Un philosophe s'interroge sur la signification et les origines de l'envolée des prix de l'art contemporain.

Comment s'expliquent les prix extravagants atteints aujourd'hui par l'art contemporain ? De quand date ce phénomène ? Que révèle-t-il sur la façon de percevoir la valeur esthétique d'une œuvre ? Pourquoi affecte-t-il les arts visuels et non les autres formes de création artistique ? Telles sont quelques-unes des questions auxquelles tente ici de répondre le philosophe Jean-Joseph Goux, professeur à l'Université Rice à Houston et à qui l'on doit plusieurs livres sur l'interaction entre l'économie et la production symbolique. Comme l'indique le sous-titre de son livre, il nous invite à remonter aux débuts de la modernité, c'est-à-dire à Manet et aux impressionnistes, mais aussi à Zola (dont on a plaisir à retrouver le portrait par Manet en couverture). Si Zola a semblé, en effet, dans L'Œuvre (1886), prendre ses distances avec l'avant-garde picturale – et l'on sait à quel point Cézanne, pensant se reconnaître dans le personnage de Claude Lantier, en fut blessé –, il le fait dans des termes qui ne manquent pas de pertinence. Cette tragédie de l'œuvre impossible est une allégorie de l'opposition entre l'art académique et la peinture moderne. Dans l'art traditionnel, art rassurant par nature, le connaisseur prise par-dessus tout le fini de l'exécution. Si l'art moderne dérange, c'est qu'il est originalité, recherche, qu'il se montre en train de se faire, quitte à donner une impression d'un travail inachevé. Et Zola a parfaitement saisi, même s'il la met en scène de façon quelque peu caricaturale, l'évolution du marché de l'art, lorsqu'il oppose le père Malgras, prudent et madré, mais aux instincts d'amateur – on pense, par exemple, à Clovis Sagot, le premier marchand de Picasso – à Naudet, dont le souci principal est l'argent, et qui vend la peinture comme un placement en bourse ; et il est piquant de constater, comme le rappelle J.-J. Goux, que Zola lui-même, vingt ans plus tôt, avait vanté Manet à l'aide d'arguments de ce type, et que le perspicace Mallarmé, dans un article de 1876, parlait à propos de l'insuccès des impressionnistes en France de "malentendu commercial".

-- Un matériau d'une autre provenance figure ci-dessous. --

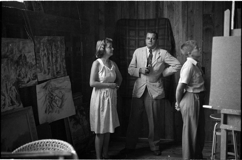 [Felicia Marsh standing next to paintings by Reginald Marsh.]

Nous sommes évidemment aux antipodes du jugement esthétique tel que le définit Kant dans la Critique de la faculté de juger, et dont la caractéristique fondamentale est d'être désintéressé. Ce n'est d'ailleurs pas faire injure à Kant que de souligner qu'il se situe du point de vue de la pure perception esthétique et d'une conception idéale, winckelmannienne, de l'art, dont l'essence est la beauté. Qu'il se soit ou non rappelé le bruit fait en 1741 lors de la vente Crozat, qu'il ait prêté ou non attention aux sommes alors jugées colossales dépensées par Catherine II dans les années 1770 pour acquérir les collections Brühl, Julienne et Gaignat, ce n'est pas la perspective du marché de l'art qui intéressait Kant. À l'inverse, si le concept de beauté peut sembler le plus souvent inopérant à propos d'art contemporain – on hésitera à coup sûr à l'appliquer à Damien Hirst ou à Jeff Koons – il n'est pas interdit non plus de trouver beau un Picasso, un Pollock ou un Rothko – pour ne rien dire de Matisse, de Giacometti ou de Noguchi – et on peut estimer que, dans ces limites, les analyses de Kant n'ont pas perdu leur validité.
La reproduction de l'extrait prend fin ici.